** Your goal **
Could you reproduce the entries exactly, omitting every picture?

** Material provided **
====

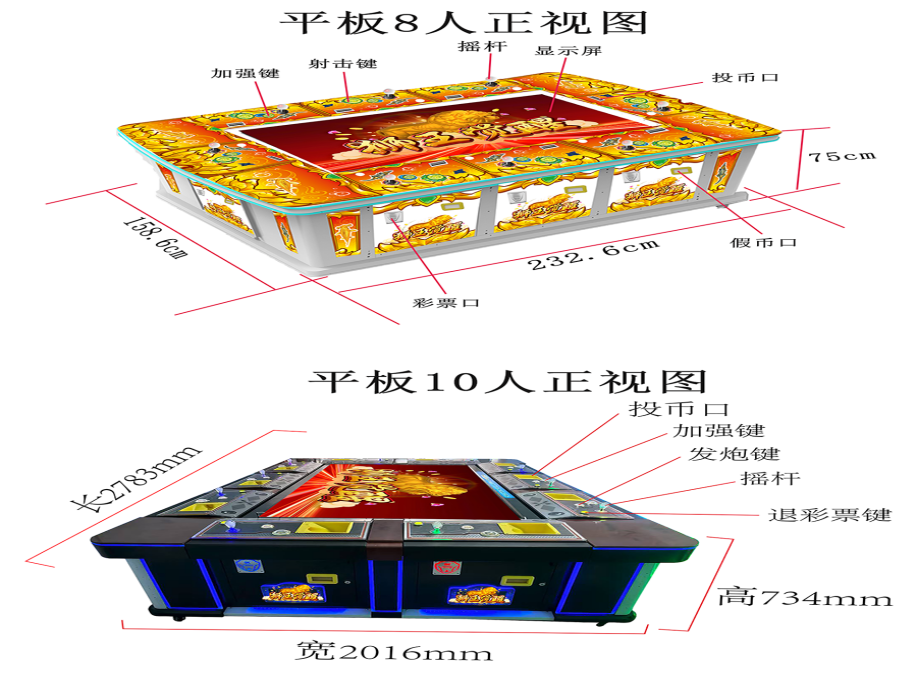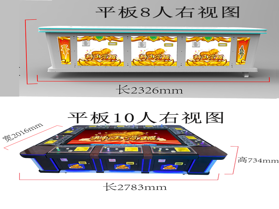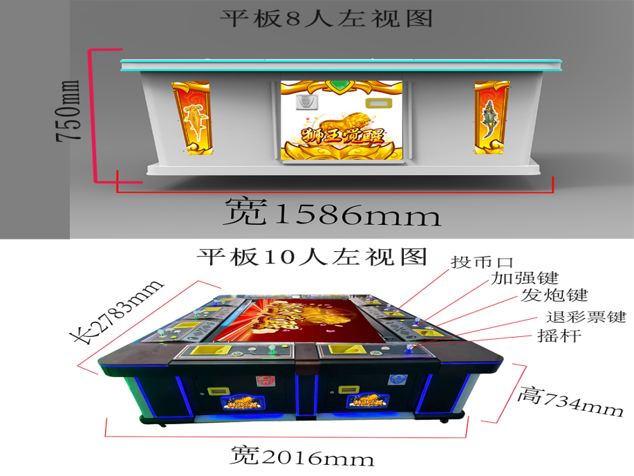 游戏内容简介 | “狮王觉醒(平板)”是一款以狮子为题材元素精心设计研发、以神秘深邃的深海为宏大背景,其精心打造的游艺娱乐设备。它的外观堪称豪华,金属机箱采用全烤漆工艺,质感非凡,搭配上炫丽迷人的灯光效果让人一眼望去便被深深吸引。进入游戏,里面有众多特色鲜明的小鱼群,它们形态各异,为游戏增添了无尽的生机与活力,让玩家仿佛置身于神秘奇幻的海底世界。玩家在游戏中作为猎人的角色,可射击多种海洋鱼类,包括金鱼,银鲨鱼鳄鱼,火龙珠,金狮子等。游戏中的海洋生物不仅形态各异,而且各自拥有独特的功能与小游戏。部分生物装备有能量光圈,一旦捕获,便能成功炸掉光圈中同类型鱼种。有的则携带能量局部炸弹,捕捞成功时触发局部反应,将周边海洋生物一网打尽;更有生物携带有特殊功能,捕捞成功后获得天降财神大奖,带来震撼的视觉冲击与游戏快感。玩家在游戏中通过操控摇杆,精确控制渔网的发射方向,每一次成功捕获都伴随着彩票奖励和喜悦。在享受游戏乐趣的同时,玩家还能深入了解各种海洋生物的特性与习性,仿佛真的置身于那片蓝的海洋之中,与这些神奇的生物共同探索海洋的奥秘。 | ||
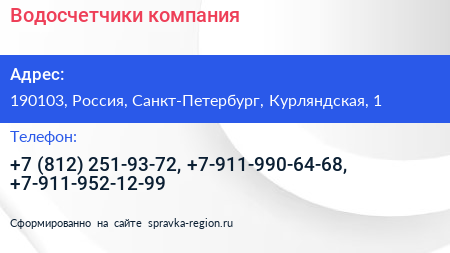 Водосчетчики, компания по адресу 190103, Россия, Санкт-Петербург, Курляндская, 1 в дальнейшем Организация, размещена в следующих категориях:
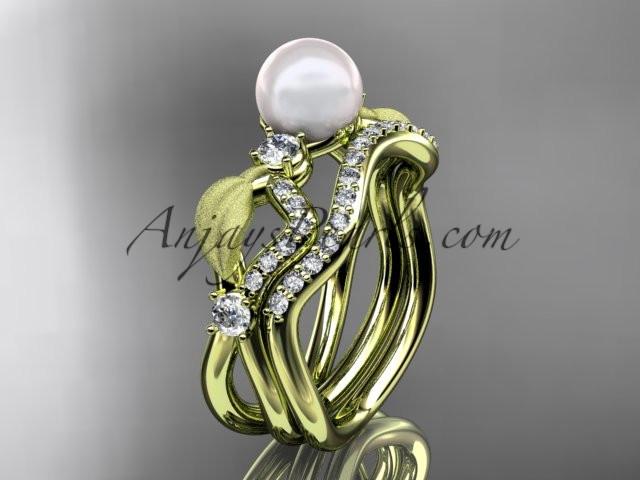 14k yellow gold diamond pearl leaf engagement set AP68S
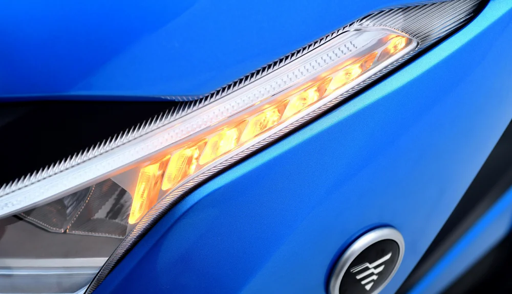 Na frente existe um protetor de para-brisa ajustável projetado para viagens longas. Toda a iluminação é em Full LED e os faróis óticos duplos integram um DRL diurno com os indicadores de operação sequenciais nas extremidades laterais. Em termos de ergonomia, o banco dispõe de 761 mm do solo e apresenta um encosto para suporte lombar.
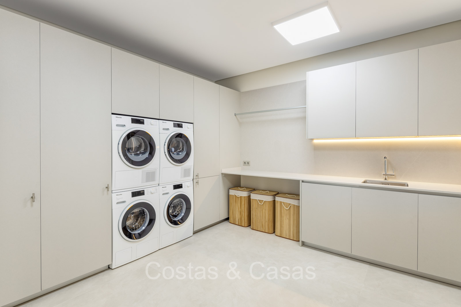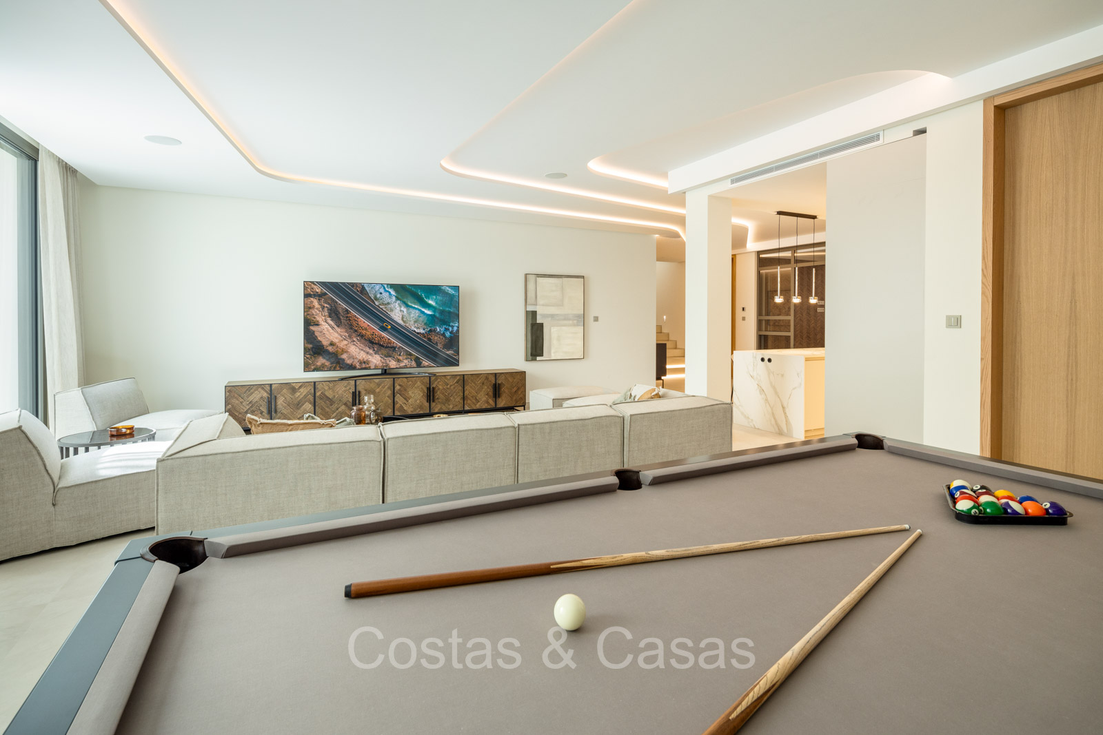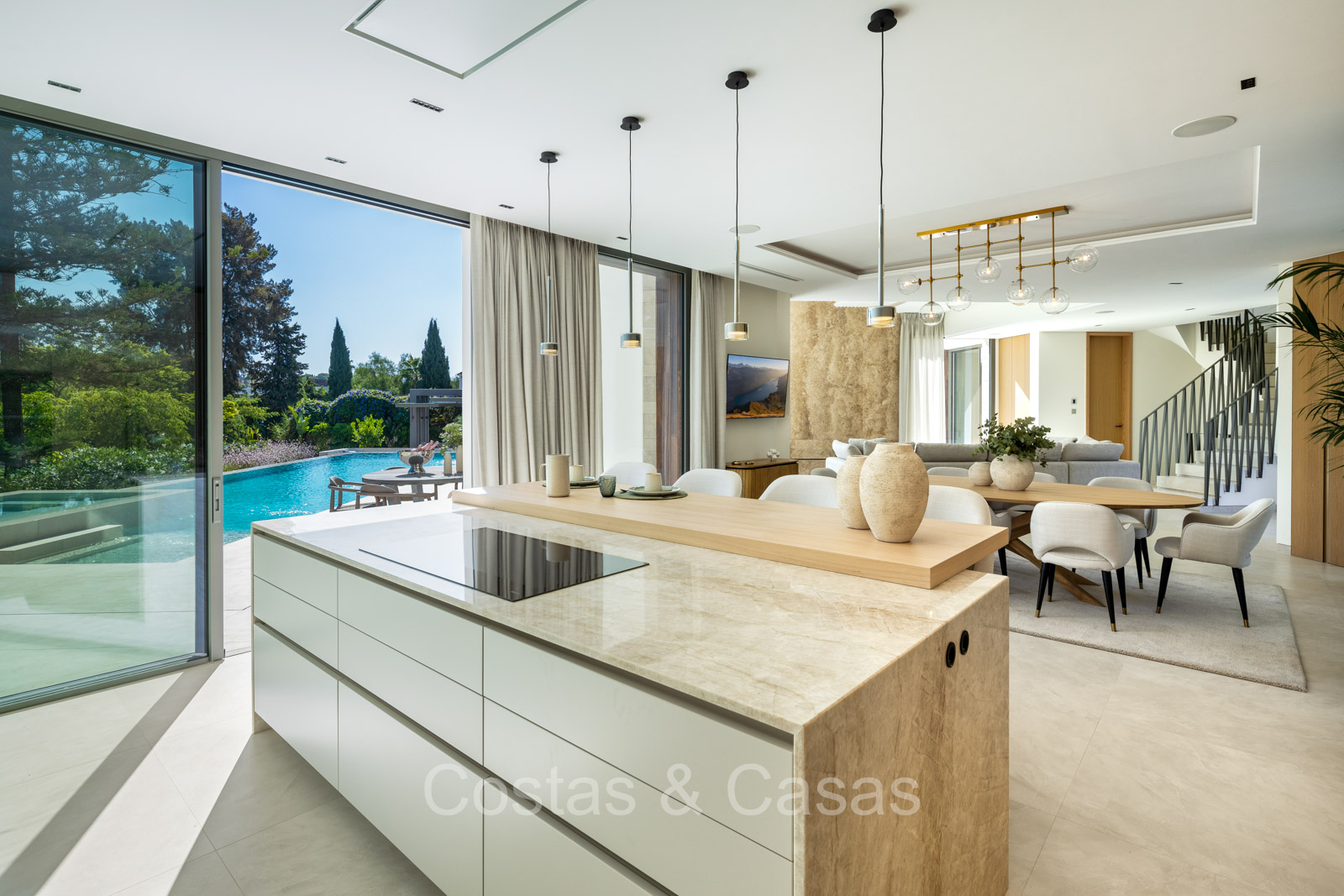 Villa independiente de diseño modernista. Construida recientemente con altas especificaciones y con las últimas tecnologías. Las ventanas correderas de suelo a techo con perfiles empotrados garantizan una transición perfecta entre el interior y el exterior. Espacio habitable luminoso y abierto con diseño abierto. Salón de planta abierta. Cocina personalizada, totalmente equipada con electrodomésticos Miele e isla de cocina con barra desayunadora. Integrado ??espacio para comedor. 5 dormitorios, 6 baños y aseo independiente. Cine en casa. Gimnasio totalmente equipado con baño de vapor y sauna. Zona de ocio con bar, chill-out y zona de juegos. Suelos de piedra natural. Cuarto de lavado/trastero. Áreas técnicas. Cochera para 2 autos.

====

** Answer for the task **
 游戏内容简介 | “狮王觉醒(平板)”是一款以狮子为题材元素精心设计研发、以神秘深邃的深海为宏大背景,其精心打造的游艺娱乐设备。它的外观堪称豪华,金属机箱采用全烤漆工艺,质感非凡,搭配上炫丽迷人的灯光效果让人一眼望去便被深深吸引。进入游戏,里面有众多特色鲜明的小鱼群,它们形态各异,为游戏增添了无尽的生机与活力,让玩家仿佛置身于神秘奇幻的海底世界。玩家在游戏中作为猎人的角色,可射击多种海洋鱼类,包括金鱼,银鲨鱼鳄鱼,火龙珠,金狮子等。游戏中的海洋生物不仅形态各异,而且各自拥有独特的功能与小游戏。部分生物装备有能量光圈,一旦捕获,便能成功炸掉光圈中同类型鱼种。有的则携带能量局部炸弹,捕捞成功时触发局部反应,将周边海洋生物一网打尽;更有生物携带有特殊功能,捕捞成功后获得天降财神大奖,带来震撼的视觉冲击与游戏快感。玩家在游戏中通过操控摇杆,精确控制渔网的发射方向,每一次成功捕获都伴随着彩票奖励和喜悦。在享受游戏乐趣的同时,玩家还能深入了解各种海洋生物的特性与习性,仿佛真的置身于那片蓝的海洋之中,与这些神奇的生物共同探索海洋的奥秘。 | ||
 Водосчетчики, компания по адресу 190103, Россия, Санкт-Петербург, Курляндская, 1 в дальнейшем Организация, размещена в следующих категориях:
 14k yellow gold diamond pearl leaf engagement set AP68S
 Na frente existe um protetor de para-brisa ajustável projetado para viagens longas. Toda a iluminação é em Full LED e os faróis óticos duplos integram um DRL diurno com os indicadores de operação sequenciais nas extremidades laterais. Em termos de ergonomia, o banco dispõe de 761 mm do solo e apresenta um encosto para suporte lombar.
 Villa independiente de diseño modernista. Construida recientemente con altas especificaciones y con las últimas tecnologías. Las ventanas correderas de suelo a techo con perfiles empotrados garantizan una transición perfecta entre el interior y el exterior. Espacio habitable luminoso y abierto con diseño abierto. Salón de planta abierta. Cocina personalizada, totalmente equipada con electrodomésticos Miele e isla de cocina con barra desayunadora. Integrado ??espacio para comedor. 5 dormitorios, 6 baños y aseo independiente. Cine en casa. Gimnasio totalmente equipado con baño de vapor y sauna. Zona de ocio con bar, chill-out y zona de juegos. Suelos de piedra natural. Cuarto de lavado/trastero. Áreas técnicas. Cochera para 2 autos.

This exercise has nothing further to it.